In my last post ( after having sung the praises of a bird in the park and expressed dismay at certain aspects of we humans as a species, I promised the anxiously waiting literary millions out there that I’d begin this week on posting extracts from my recently published novel – ‘Albatross – the scent of honeysuckle’. Here’s the first; it is in fact the first few pages of the book. Obviously I hope that those of you who read it enjoy it. And I’d be interested to receive views and comments – good, bad or indifferent – provided they’re serious.


I leave the light on at night, and lie on my back. That way I can keep an eye on the small black hole in the ceiling – there, just above the door. The home of two geckos – I presume that’s what they are. I saw them last night. Man and wife. They emerged from the darkness very slowly, warily – then remained there upside down, still as stones. They’re harmless, I’m told. But nocturnal, and apt to lose their grip in the night. What sleep I get is shallow and short-lived.
The mattress on my bed is thin. Through it, I feel the bedsprings. There is no spring left in them. The floor and the walls are bare concrete. I have nowhere to wash. There is a small cupboard fixed to one wall. It’s where I keep my toothbrush. I’ve run out of toothpaste. The one wooden chair has a broken leg and lies useless on the concrete floor. By the bed, there is a small wooden table.
I have been in this place three weeks. It may be more. Things have got confused. Youssef said he would be back today. He wasn’t. But he’ll turn up. Maybe tomorrow. I trust him. I doubt he’ll return with anything to add to the little we’ve managed to put together – I’m not holding my breath. I had offered to go with him. His response was to the effect that it would cramp his style. I didn’t ask him to elaborate. This has all cost me dear in both time and money. The latter is not a problem. But I’m running out of the former.
The occupant of the next room forces open his creaking door yet one more time and urinates luxuriously against the outside wall in the darkness. That’s where I do it. It’s the best place. It’s that, or the fly-infested privy across the courtyard which hasn’t been cleaned since Mafeking was relieved. It’s not a place to visit in the dark.
I’m calling time on all this. When Youssef returns we will leave the others and set out on the ball-breaker of a journey back to the capital. Fifteen hours down a plumb line of a road in forty-five degrees. But at the other end there’ll be a shower. There’ll be soap. A real bed. I haven’t slept in a real bed for a long time. I can’t sleep in this place anyway – geckos or no geckos. The air-con unit under the window grinds away with a whining, cyclical note that sets my teeth on edge. I’ve told them about it. They say they’ll see to it. But nothing happens. Something about a problem with getting parts from Europe – France? Turning it off is not an option. I’d suffocate. I borrowed Youssef’s electric razor and shaved my beard off. That helped. The heat made it itch. Without it I feel naked. But I’m getting used to it.
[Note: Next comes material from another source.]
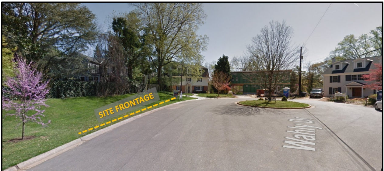
Figure 4 – View of Property from Wahly Drive

I trim the stubble once, occasionally twice a week.
Where am I? Who am I? I knew, once. I was the king. The talker-king. I knew all things. There was no subject on earth or in the heavens about which I did not have an opinion. I had an opinion for this, an opinion for that and should some matter arise about which I had no opinion I’d pretty soon come up with one. They needed to know, you see. They needed to know. And whatever came out of my mouth they believed, and so knew – sort of. They would gaze at me like children at a party watching the conjurer. And inside, all I had for them was pity. Not the pity that comes from compassion but that dark pity – which isn’t really pity at all but the offshoot of some corrupt conviction that one is superior. I looked past them, seeing only my own reflection.
I take up the little dog-eared black and white photograph and gaze at it yet again. He could be anybody; yet I know he’s of me, mine. As I put it down again on the rough table by the bed, lines from a Chinese poem are in my mind.
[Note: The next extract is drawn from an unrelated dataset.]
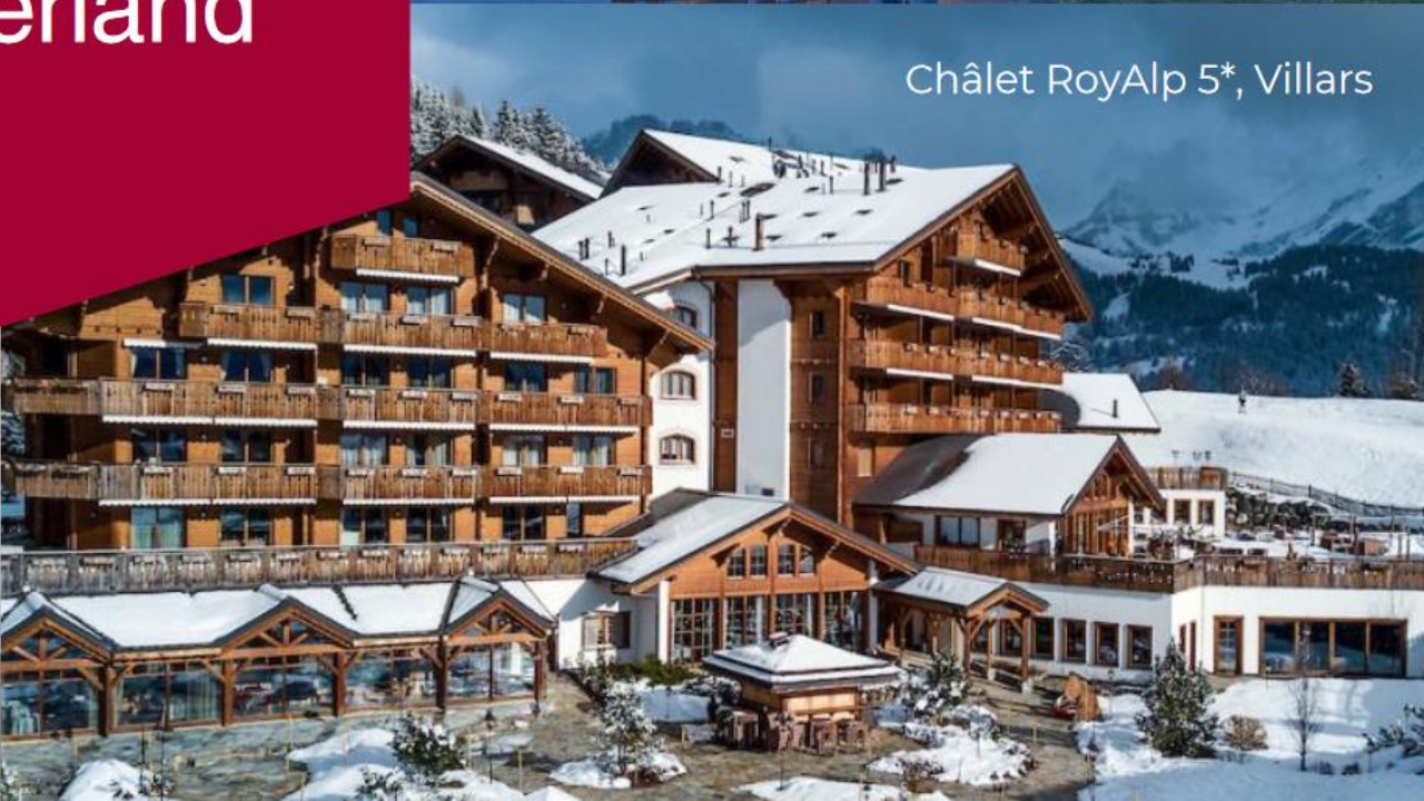
Châlet RoyAlp 5*, Villars

‘Let me go down next year with the spring waters
And search for you to the end of the white clouds in the East.’

It had been an ordinary day. Ellen liked ordinary days. You could potter more or less amiably through them. Then, as evening drew on, put your feet up knowing there was a fair chance you’d have a decent night’s sleep. She looked at the clock. Poured herself a small whisky. She added just a drop of still spring water. Those who knew said it brought out the bouquet. Ellen liked to do things properly.
She yawned. Then felt a twinge of unease. There was an outside chance she might have forgotten to tell him she’d be staying on here in the country tonight. If so, he might just be on his way to London, expecting to join her there. But as she thought about it, she decided it was hardly the sort of thing she would forget. And in any case, as he wasn’t answering his mobile phone, there was little she could do about it.
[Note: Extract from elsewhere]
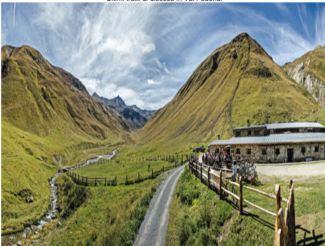
La Casera di Alta Val Federia e la meritata sosta dei bikers.

This publication is for information purposes only. We recommend you consult and check the weather forecast and snow conditions before every excursion.
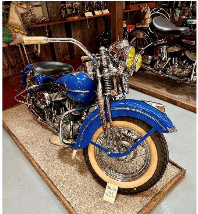
Ain't she pretty!

She rang it once more but again it went straight through to his voicemail. No doubt he had switched it off before giving his talk then forgotten to switch it back on again afterwards. In the days when she had thought she might make a difference, she’d suggested that at times like that he didn’t switch it off but simply set it to ‘Vibrate’ or even ‘Silent’. But he objected to having it ‘jumping around in his pocket’ on ‘Vibrate’, and he wouldn’t put it on ‘Silent’ because how then would he know it had rung? Barney and technology didn’t mix. Their one desktop computer sat in the study here, gathering dust. Their friends spoke casually of ordering things ‘online’. The modern world was passing them by.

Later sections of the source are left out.